# Happy New Year



## beigatti

now, if someone could please translate the following into Italian:

Best wishes for the New Year from Jo-Ann and the beautiful cats!

Jo-Ann


----------



## TiffanyC

I'll try my hand at it, but don't take my word for it!

"Tanti auguri di buon anno da Jo-Ann ed i gatti belli!"


----------



## Silvia

Tanti auguri di Buon Anno da Jo-Ann e dai suoi bei gatti! (and from *her* beautiful cats)


----------



## beigatti

grazie.  (I would attach a picture of my cats, but I don't think that's allowed.)


----------



## Great Brit

*Can anyone advise? I want to wish my Italian friend a Happy New Year, but in his language !  How would I translate this?*
*K.*


----------



## You little ripper!

You can say "Felice Anno Nuovo" = Happy New Year or "Ti auguro un Felice Anno Nuovo" = I want to wish you a Happy New Year.  You may want to wait for a native to confirm this.


----------



## Alfry

native confirmation


----------



## Great Brit

Thanks so much guys - I'm going to text it now!


----------



## Great Brit

*How then would I say -  'Happy New Year, I hope it brings you so much happiness'*


----------



## Alfry

Felice Anno nuovo, spero che ti porti tanta felicità


----------



## Great Brit

*Thank you! Happy new year.*
*K.x*


----------



## Alfry

Felice Anno Nuovo anche a te


----------



## Great Brit

*Be warned though, Ill probably be back in need of help with his reply!!! He'll think I'm a natural now!*
*K.x*


----------



## Alfry

No problem
You're going to find all the help you need as long as you make sure to abide by the rules of this forum (you can find them in the sticky threads)

Enjoy this forum


----------



## bella333

Hi, I would like to know how to say and pronounce this phrase in Italian. 
"Wishing you a Happy New Year"

Thanks for your help!

Bella333


----------



## underhouse

Ti auguro un felice anno nuovo.


----------



## islandgirl

ciao 
how would you say :  happy new year


----------



## TrentinaNE

Please see the sticky thread above regarding expressions for various greetings!


----------



## SignoraMMA

Hi I would apreciate if someone could tell me how to say "Happy New Year to both you and John. I hope 2007 brings your lots of health and happiness"

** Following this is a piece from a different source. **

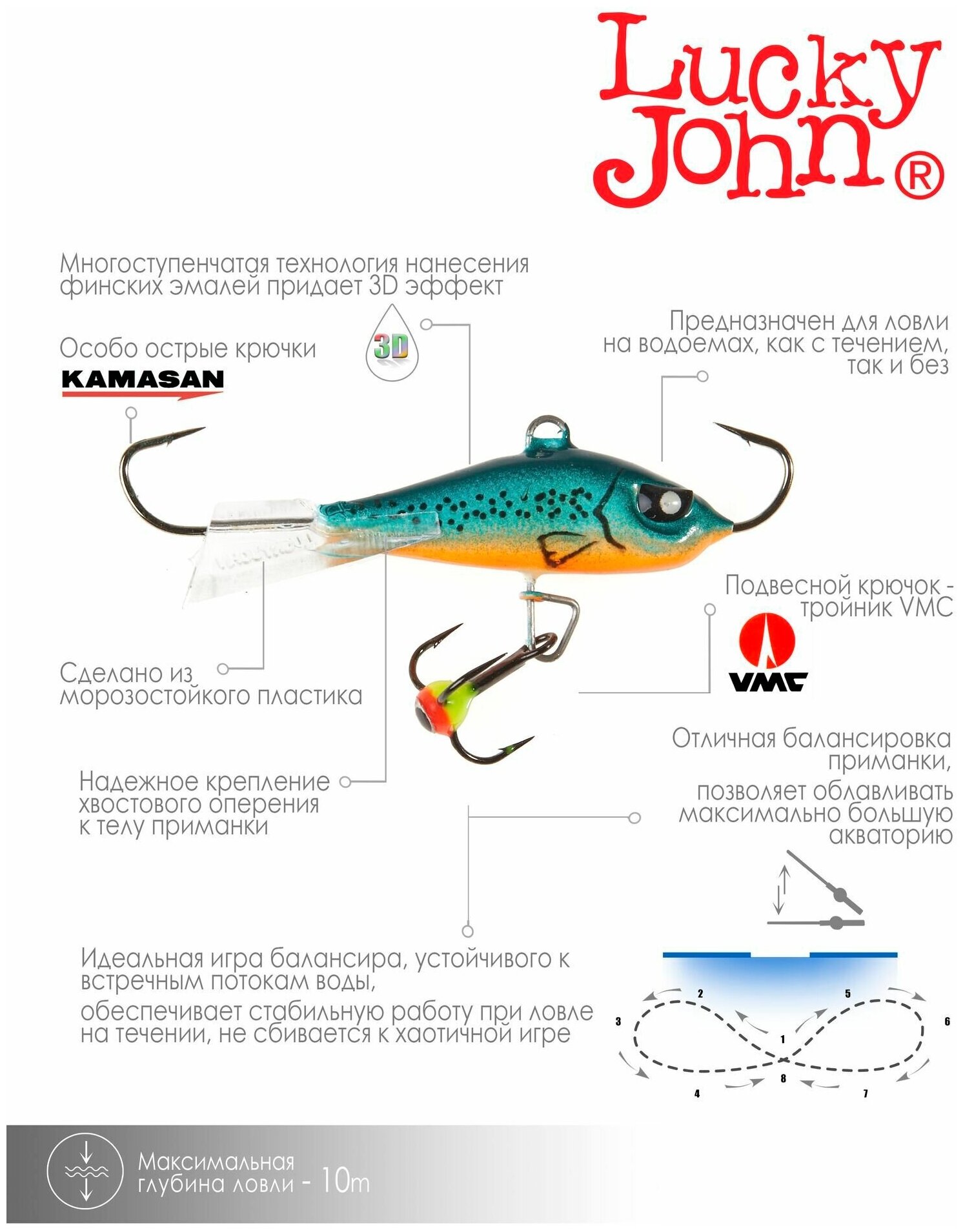 Балансир Lucky John BALTIC – довольно тяжелая приманка, она с успехом ловит рыбу на глубоких водоемах, как с течением, так и без него. Она будет очень востребована на таких крупных реках как Ока или Волга. В Хвостовое оперение может быть красным или прозрачным, изготовлено из морозостойкого пластика и приклеено к телу приманки суперпрочным клеем. Агрессивный «самурайский» взгляд, придает балансирам BALTIC узнаваемость среди приманок Lucky John, а их крупные глаза окончательно снимают все сомнения у хищной рыбы, перед атакой на беспечно плавающего «толстячка».

Thank you in anticipation!
SignoraMMA


----------



## Pirlo

*My attempt:*
Buon Anno a te e John. Spero che 2007 ti portassero tanti di salute e felicità. 

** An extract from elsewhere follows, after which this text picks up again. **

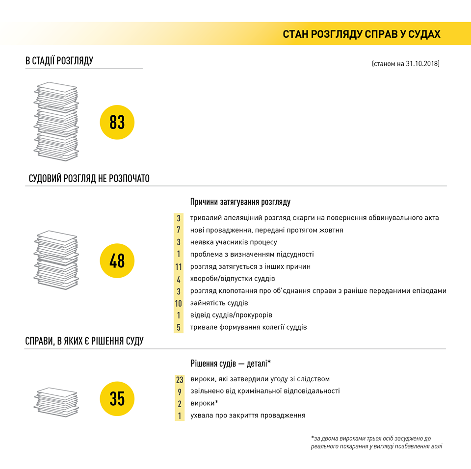З поміж 166 кримінальних проваджень Національного антикорупційного бюро, щодо яких станом на кінець жовтня 2018 року було завершено досудове розслідування та передано акти до суду, у 48 справах навіть не відбулося підготовче засідання.
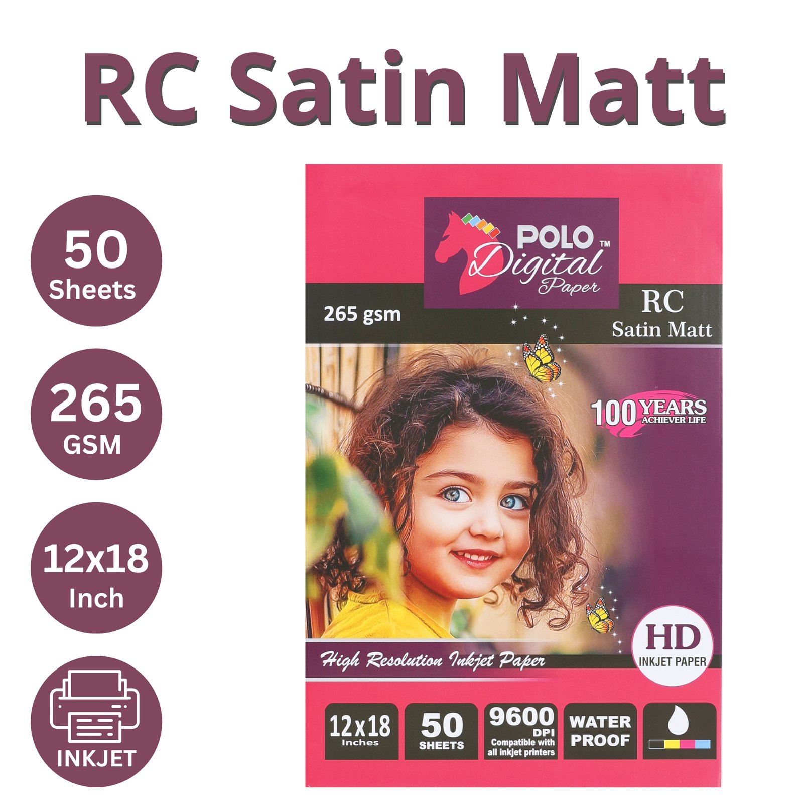 RC Satin Matt High Resolution Inkjet Photo Paper 12×18 Inch 265 GSM 9600 DPI 50 Sheets Water Proof – Product Highlights:

Please, wait for the natives.
Regards,
Pirlo


----------



## irene.acler

Felice/Buon anno nuovo a te e a John. Spero che il 2007 vi porti tanta salute e felicità.


----------



## irene.acler

Pirlo said:


> *My attempt:*
> Buon Anno a te e John. Spero che 2007 vi porti tanta di salute e felicità.
> 
> Please, wait for the natives.
> Regards,
> Pirlo



We posted exactly at the same time!!
You need "vi" and not "ti" in this case, because the subject is plural "te e John".


----------



## SignoraMMA

Thank you Pirlo


----------



## Pirlo

xxx



SignoraMMA said:


> Thank you Pirlo


 
You're welcome, however please use Irene's suggestion, as it covers a few mistakes I made!

Regards,
Pirlo


----------



## irene.acler

You're welcome, Pirlo. I'd be glad to explain you the use of "di", but I suppose you have to open a new thread, because it's a different topic.


----------



## SignoraMMA

Thank you also Irene + for the correction + explanation.
Regards
Sig.MMA


----------



## raffavita

Una domanda su un vecchio thread.
In italiano si scrive tutto con la lettera maiuscola?
Felice Anno Nuovo?
Oppure in minuscolo?
Grazie.
Raffa


----------



## Necsus

Tutto minuscolo, direi...


----------



## Charrrli

Ciao tutti,
I'm writing out a christmas card and just want to check this makes sense!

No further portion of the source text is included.